INSTRUCTIONS TO FOLLOW
Only the lines below between the one holding "L’allocation pour le" and the one holding "Valentine's Day long-sleeved", inclusive, are to be reproduced word for word; the pictures are to be left out.

(Entries taken from a collection)
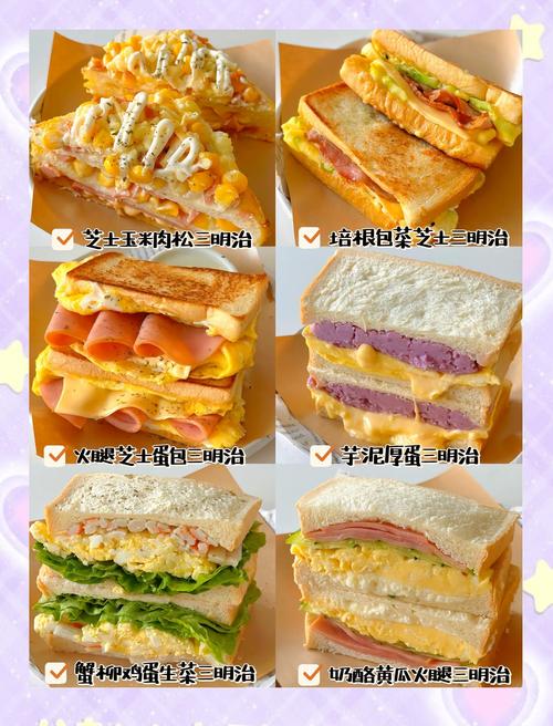加热三明治:如果你喜欢热三明治,可以将组装好的三明治放入预热的三明治机或平底锅中,用中火加热至奶酪融化,面包变得金黄酥脆。如果没有三明治机,也可以使用微波炉加热,但效果可能不如烤箱或平底锅。切片和装盘:将加热好的三明治从中间切开,这样更容易食用,也更有食欲。
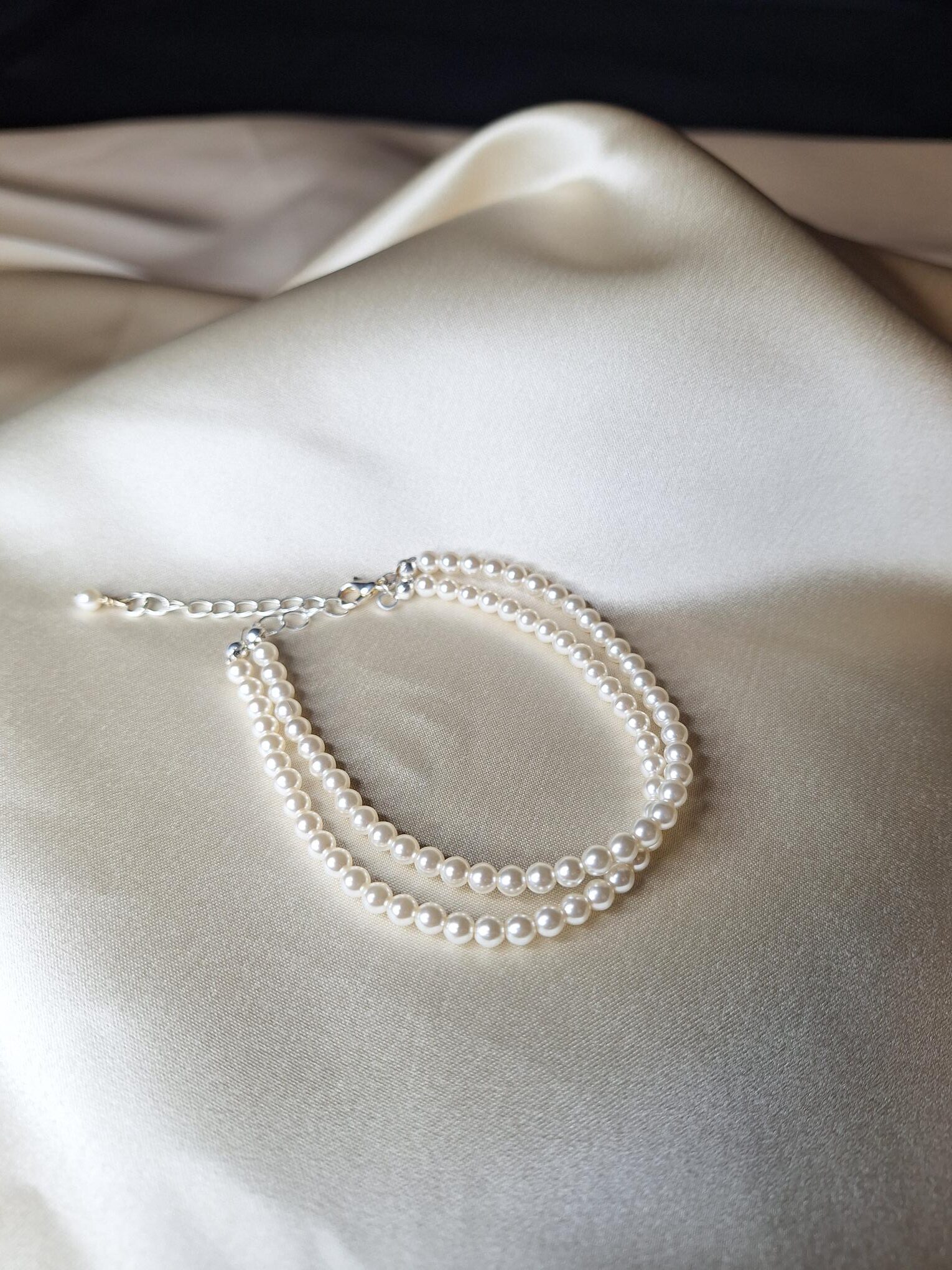 Stunning ivory pearl bracelet, this has a double band but still keeps that delicate look.
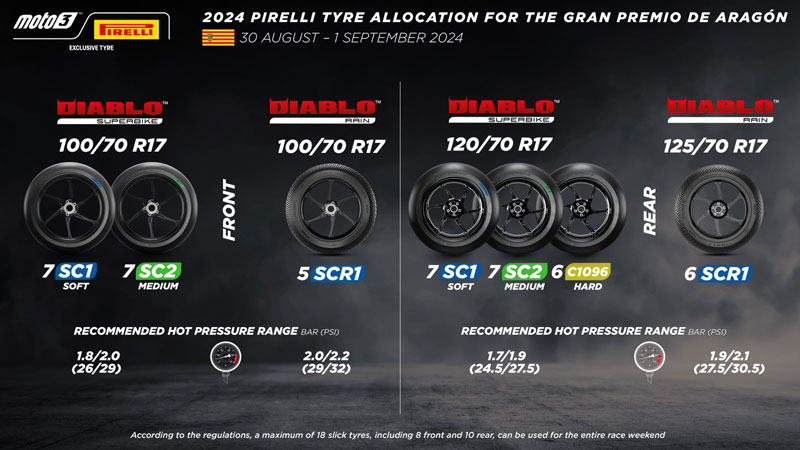 L’allocation pour le Moto3™ suit la même logique : 7 unités de chacun des composés standard, SC1 (soft) et SC2 (medium), pour l’avant et 7 pièces chacune pour le développement SC1 (soft) et SC2 (medium) à l’arrière, tandis qu’il y aura 6 exemplaires du C1096 (hard).
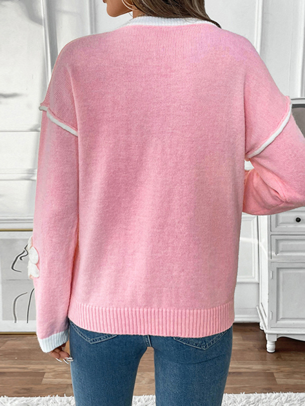 Valentine's Day long-sleeved V-neck 3D applique pink sweater
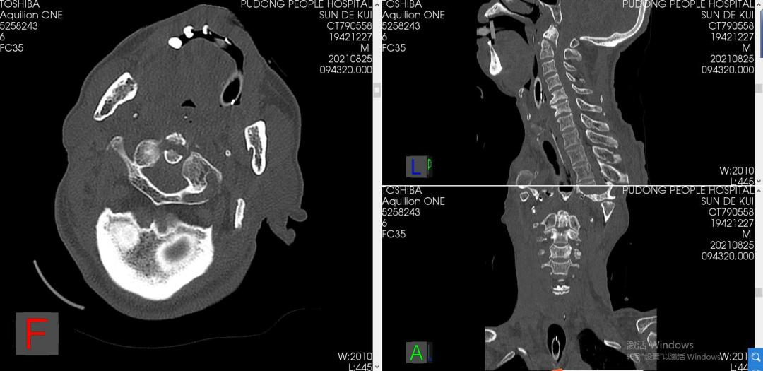 专家介绍,老王的情况很严重,此类型骨折脱位患者临床极其罕见,致死、致瘫率极高,手术难度大、风险高,是大多数脊柱外科医生不愿触碰的领域。急救团队待老王生命体征平稳后收入重症ICU监护治疗、并行颅骨持续牵引稳定齿状突骨折、复位寰枢椎脱位,同时脊柱外科团队接到会诊,脊柱外科主任王健第一时间组织讨论为患者制定了进一步的治疗方案。
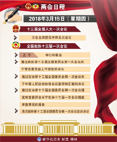 十三屆全國人大一次會議15日安排代表休息。大會主席團召開第五次會議。

SOLUTION TO THE PROBLEM
 L’allocation pour le Moto3™ suit la même logique : 7 unités de chacun des composés standard, SC1 (soft) et SC2 (medium), pour l’avant et 7 pièces chacune pour le développement SC1 (soft) et SC2 (medium) à l’arrière, tandis qu’il y aura 6 exemplaires du C1096 (hard).
 Valentine's Day long-sleeved V-neck 3D applique pink sweater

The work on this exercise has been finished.